The continued strength of the US auto sales has negatively impacted retailers of auto parts, as the rising consumer confidence prompts customers into purchasing new cars instead of repairing their old ones.
The sales figures have proven spectacularly strong in each of the past three months, with August – traditionally a very weak sales month – reaching a 1.58 million vehicles figure, the highest for the period since the record 1.63 million units accounted in August 2003.
Companies such as AutoZone, Advance Auto Parts and O’Reilly Automotive – traditional auto parts retailers – are now refocusing their business on providing parts for the higher-margin commercial repairs business, as opposed to direct client sales.

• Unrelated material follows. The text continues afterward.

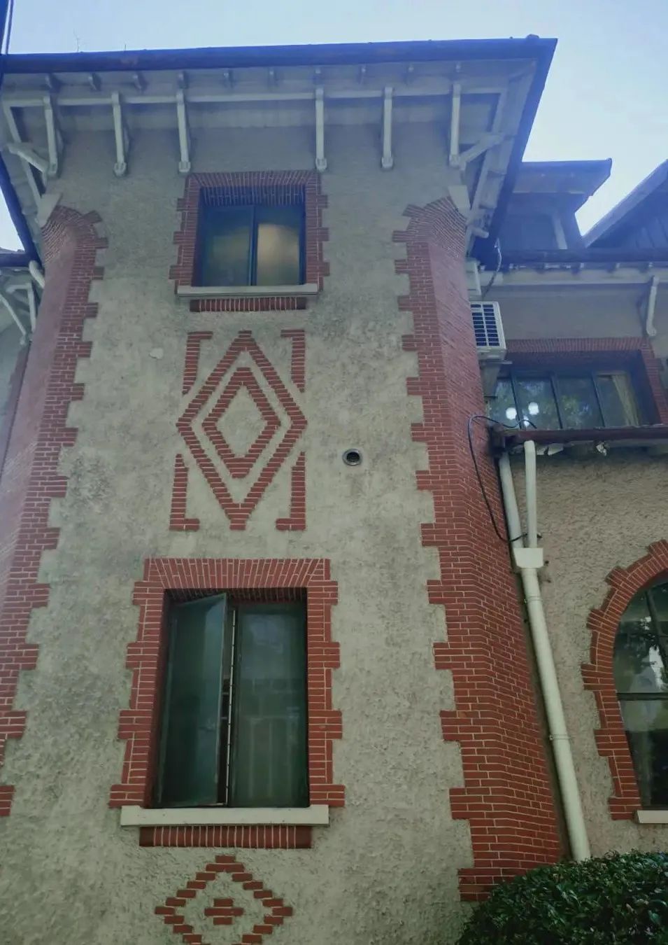 建筑半地下室外墙为仿石饰面,但石面以上用细沙卵石墙面,窗口及墙隅镶清水红砖,竖窗间有红砖砌成的四边形装饰。

“AutoZone’s higher exposure to the slower-growing do-it-yourself (retail) segment and lower exposure to the higher-growth commercial delivery business was a bit of a competitive headwind,” comments RBC Capital Markets analyst Scot Ciccarelli.
AutoZone reported its same-store sales rose 2.1% in the fourth quarter ended Aug. 30. But the Memphis, Tennessee-based retailer still has some catching up to do in the commercial parts market, with the segment only accounting for 17.5% of this year’s sales, although on the rise from 2013’s figure of 16%. On the other hand, Advance and O’Reilly have up to 40% of their business dedicated to the commercial repair market.